[Start of section]

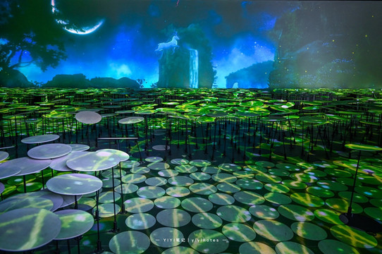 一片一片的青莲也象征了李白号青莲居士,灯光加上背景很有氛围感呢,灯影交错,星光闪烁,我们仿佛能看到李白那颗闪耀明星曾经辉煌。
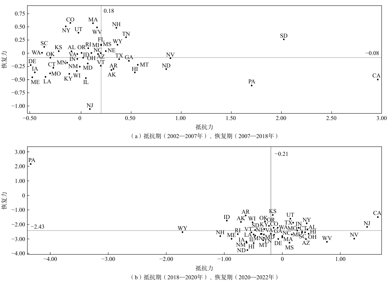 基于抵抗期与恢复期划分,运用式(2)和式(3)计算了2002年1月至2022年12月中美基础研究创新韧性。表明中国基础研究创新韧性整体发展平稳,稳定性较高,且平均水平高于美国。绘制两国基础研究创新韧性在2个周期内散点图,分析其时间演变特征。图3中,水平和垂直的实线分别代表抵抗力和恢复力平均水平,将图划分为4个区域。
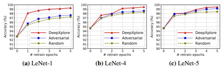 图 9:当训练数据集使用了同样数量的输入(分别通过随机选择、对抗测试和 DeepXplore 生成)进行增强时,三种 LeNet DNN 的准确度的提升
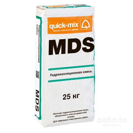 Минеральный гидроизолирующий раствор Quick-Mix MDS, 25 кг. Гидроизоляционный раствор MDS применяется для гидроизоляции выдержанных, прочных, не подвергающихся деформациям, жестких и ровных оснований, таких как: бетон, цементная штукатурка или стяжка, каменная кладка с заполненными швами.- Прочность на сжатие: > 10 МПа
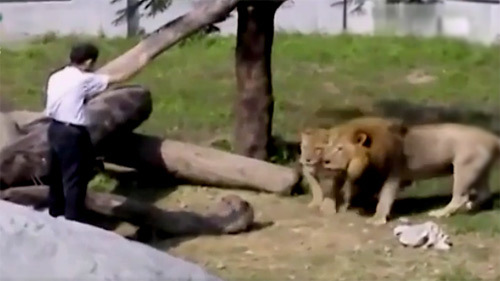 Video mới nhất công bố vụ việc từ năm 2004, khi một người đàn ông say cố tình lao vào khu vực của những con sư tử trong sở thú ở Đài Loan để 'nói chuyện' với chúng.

[End of section]

Reproduce exactly, without any picture, the lines from the one bearing "Минеральный гидроизолирующий раствор" to the last line of the records above.

 Минеральный гидроизолирующий раствор Quick-Mix MDS, 25 кг. Гидроизоляционный раствор MDS применяется для гидроизоляции выдержанных, прочных, не подвергающихся деформациям, жестких и ровных оснований, таких как: бетон, цементная штукатурка или стяжка, каменная кладка с заполненными швами.- Прочность на сжатие: > 10 МПа
 Video mới nhất công bố vụ việc từ năm 2004, khi một người đàn ông say cố tình lao vào khu vực của những con sư tử trong sở thú ở Đài Loan để 'nói chuyện' với chúng.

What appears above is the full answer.